Он умел считать, и вскоре, стал помогать отцу в учете, а затем и
продаже товара. Дело стало идти настолько хорошо, что доверие отца
к нему возросло. На рынке Саид обходил лавки, проверяя дело и
собирая выручку от продажи товара. Многие считали его помощником
отца, не зная, что под удобной и недешевой одеждой скрывается клеймо
раба.
Он был достоин свободы, но отец боялся потерять надежного
помощника. Знал, как Саид тоскует по родным местам.

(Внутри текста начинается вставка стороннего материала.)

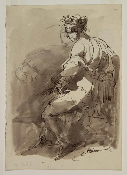 Studio di figura femminile seduta e voltata di tre quarti. Studio di figura femminile seduta e voltata di tre quarti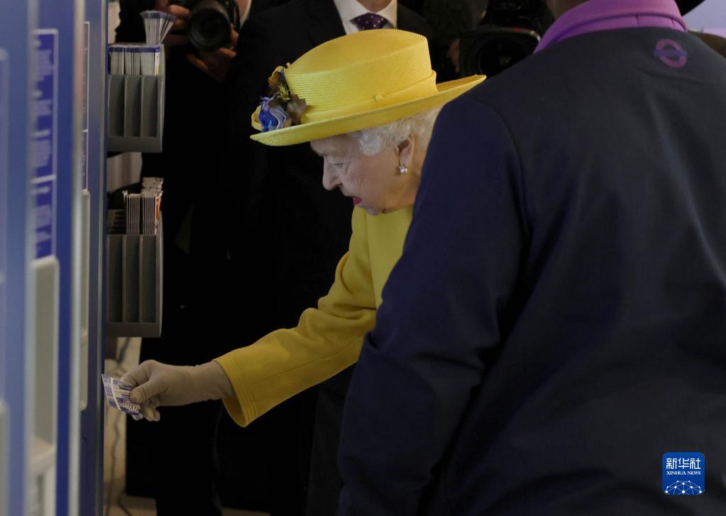 5月17日,在英国伦敦,英国女王伊丽莎白二世在伊丽莎白线帕丁顿站购买地铁卡。

- Мы пасли овец на дольних пастбищах, когда напал разъезд
ордынских воинов, - голос Саида дрожал, - Отец приказал мне с двумя
работниками скакать домой и спасать мать с братом. Я впервые ослушался
его. Отстал от работников и кинулся назад. Отец и те, кто с ним остались,
погибли. Меня скрутили и отправили на невольничий рынок. Так я понял,
что есть судьба, и она велит мне жить.
Я слушала и млела. В пятнадцать лет все пылало внутри и
выливалось в желание быть с ним всегда. Музыка степи, звучавшая в каждом
слове, очаровывала.
- Отец уважает, ценит тебя,- горячо шептала я при встрече,- Но
никогда не отпустит. Я тоже чувствую себя взаперти этого двора, внутри
душного, пыльного Багдада. Давай, сбежим в степь, которую я полюбила
вместе с тобой. Будем разводить овец и любить друг друга. Найдем
твою мать и брата. Нас будет много, и впереди вольная, счастливая жизнь.
- Но твой отец? - сомневался он,- Ему будет так больно. Правильно
ли это? Мы обманем его доверие. Неужели тебе его не жаль?

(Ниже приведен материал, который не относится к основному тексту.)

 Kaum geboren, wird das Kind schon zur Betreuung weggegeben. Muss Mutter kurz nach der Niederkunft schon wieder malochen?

Прости, отец, но о тебе я тогда совсем не думала.
А ты обо мне думал. И как хороший хозяин, все узнал.
Я понимаю, что виновата. Но зачем было продавать Саида?
- Не ругай отца, - говорил он, сидя в яме, в колодках, в день, перед
отправкой на рынок, - Он, по-своему, прав. Главное, что мы есть друг у
друга. Это навсегда со мной. Будь счастлива.
Как же быть счастливой без него?
Казалось, отец сам понимал, что поспешил с решением. Цена оказалась
столь высока, что шесть дней не удавалось продать Саида. Еще день,
и он вернет его.
Но надежды оказались тщетны. Покупатель нашелся. Заплатил в
два раза больше, а после, долго расспрашивал отца о Саиде. В небольшом,
но уютном караван-сарае, под доброжелательным, но мудрым взглядом
хозяина, за не пустеющей чашкой чая, отец рассказал все, что знал и
чувствовал к Саиду. Беседа была неспешной, обстоятельной.
- Вижу, все же жалеешь о сделке, - сочувственно произнес покупатель,-
Но все правильно. Ты волк, выкормивший тигренка. Теперь это тигр.
Ты не сможешь его удержать. А я лев, окруженный шакалами. Волкодавы
есть, но много их иметь не могу. А тварей, готовых перегрызть горло
хватает. То, что я делаю, требует гарантии жизни хотя бы на пять
ближайших лет. С тигром, данным тобой, у меня появилась возможность не
только завершить дело, но и порадоваться его результатам. Не препятствуй
дочери помнить о нем. Если она, в душе, тигрица, то вместе им быть.
Все дело во времени. Придется потерпеть.
Так и сказал "потерпеть". Отец передал разговор дословно.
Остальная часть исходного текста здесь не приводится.